Antibiotic treatment of infected individuals is also used to shorten the course of illness 

and the duration of shedding of the bacteria in stool. Effective antibiotics against 

cholera include tetracycline, doxycycline (Vibramycin), sulfa drugs such as trimethoprim 

(Primsol) and trimethoprim/sulfamethoxazole (Bactrim), ciprofloxacin (Cipro), erythromycin 

(Ery-Tab), and azithromycin (Zithromax).

Education and awareness campaigns in epidemic areas permit early treatment of those 

infected, as well as establishing local prevention measures.

Vaccination is an important tool in outbreak control. The World Health Organization stocks 

two oral cholera vaccines (Dukoral and Shanchol) that have been used successfully in mass 

vaccination campaigns. Mass antibiotic treatment is not used because it does not stop 

epidemics or the spread of cholera. It also leads to resistance to the antibiotics when 

they are actually needed.


What Are Complications of Cholera?

The complications of untreated cholera are mainly shock and death from massive fluid loss. 

Massive electrolyte loss can lead to lethal cardiac rhythm disturbances and seizures.

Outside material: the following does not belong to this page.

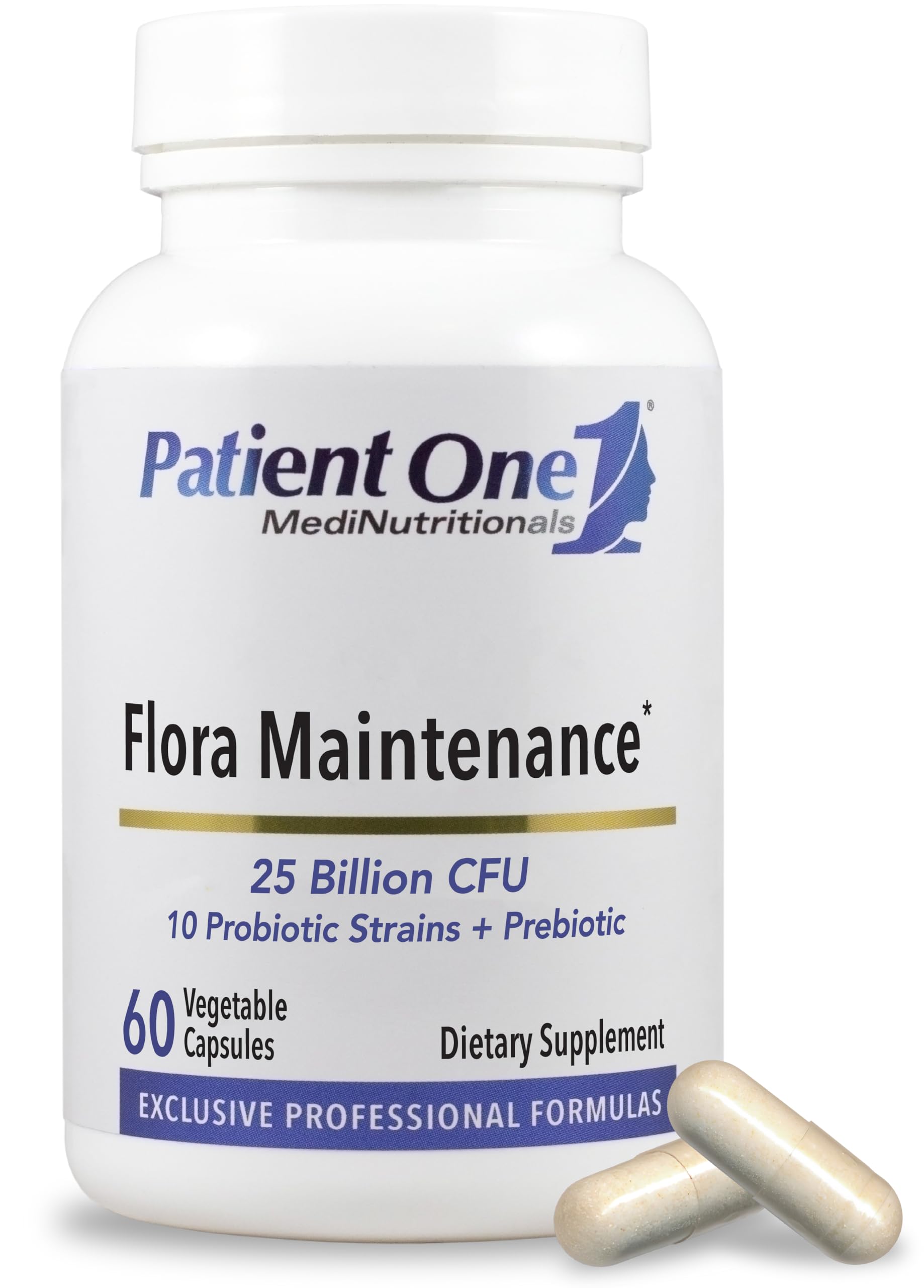 Patient One Flora Maintenance | Probiotic Supplement to Aid Balanced Intestinal Flora* | 25 Billion CFU 10 Probiotic Strains Prebiotic | 60 Capsules

What Is the Prognosis for Cholera?

Without replacement fluids, cholera is most often lethal in infants, young children, the 

malnourished, and the elderly. Yet if basic oral hydration and electrolyte replacement is 

available, the prognosis is good for surviving cholera.

Cholera: Cholera is a highly contagious disease that causes profuse amounts of watery 

diarrhea, often referred to as "rice water stool." Treatment of cholera involves 

rehydration and the administration of antibiotics to shorten the course of the disease. 


There are vaccines that can aid in the prevention of cholera.